** WHAT THIS TASK INVOLVES **
For the entries below, repeat exactly each line starting with the one that contains "A sharp cutoff" and going on through the one that contains "Pero las buenas", and no others.

** AVAILABLE DATA **
_____

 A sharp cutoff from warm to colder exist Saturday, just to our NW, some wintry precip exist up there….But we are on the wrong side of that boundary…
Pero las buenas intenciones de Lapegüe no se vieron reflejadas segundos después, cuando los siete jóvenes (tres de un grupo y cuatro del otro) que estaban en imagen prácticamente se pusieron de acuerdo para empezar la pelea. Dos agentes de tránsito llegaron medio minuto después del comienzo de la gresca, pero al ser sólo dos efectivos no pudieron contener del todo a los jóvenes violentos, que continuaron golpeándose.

_____

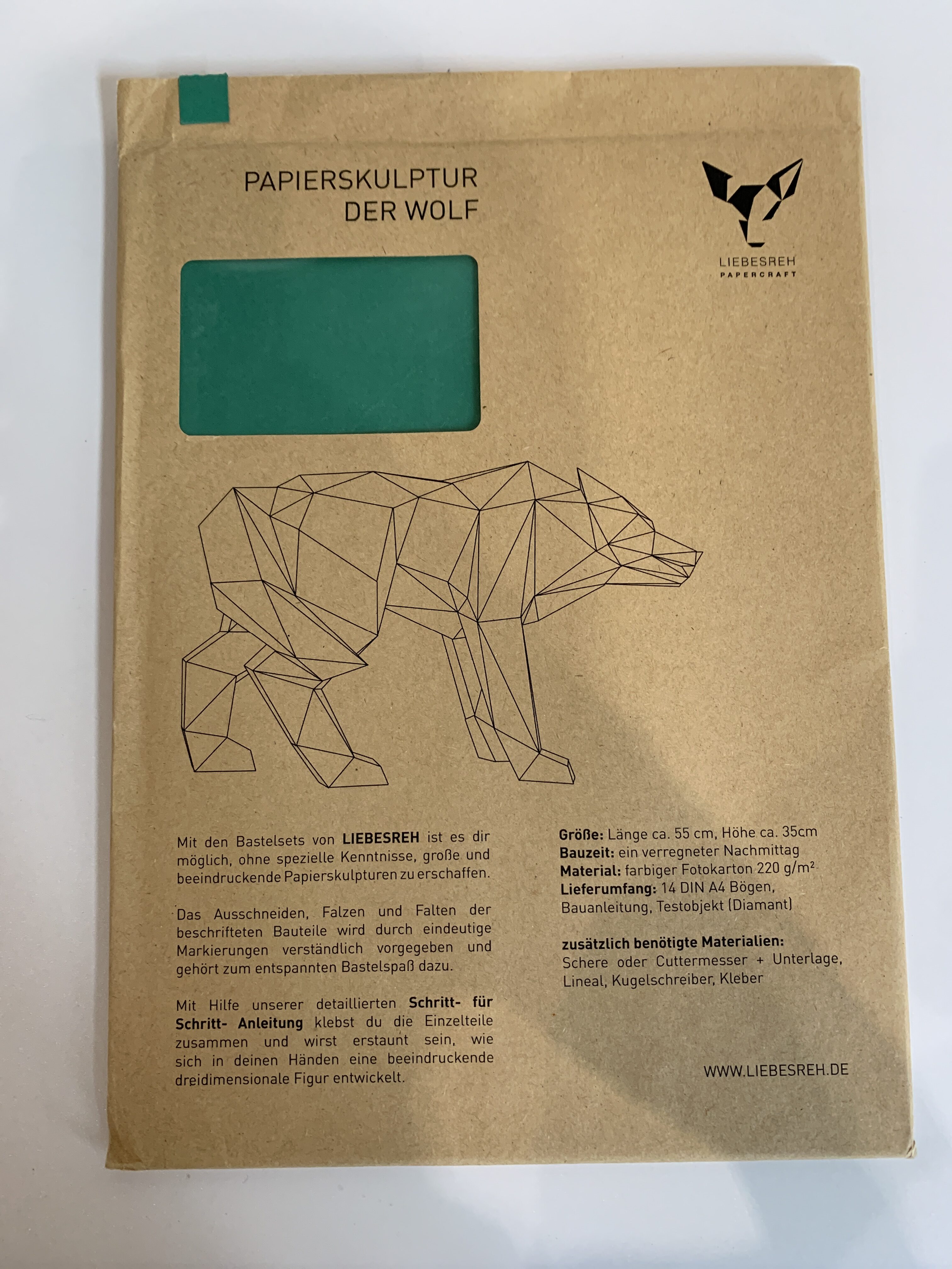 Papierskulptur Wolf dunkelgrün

_____

** THE ANSWER **
 A sharp cutoff from warm to colder exist Saturday, just to our NW, some wintry precip exist up there….But we are on the wrong side of that boundary…
Pero las buenas intenciones de Lapegüe no se vieron reflejadas segundos después, cuando los siete jóvenes (tres de un grupo y cuatro del otro) que estaban en imagen prácticamente se pusieron de acuerdo para empezar la pelea. Dos agentes de tránsito llegaron medio minuto después del comienzo de la gresca, pero al ser sólo dos efectivos no pudieron contener del todo a los jóvenes violentos, que continuaron golpeándose.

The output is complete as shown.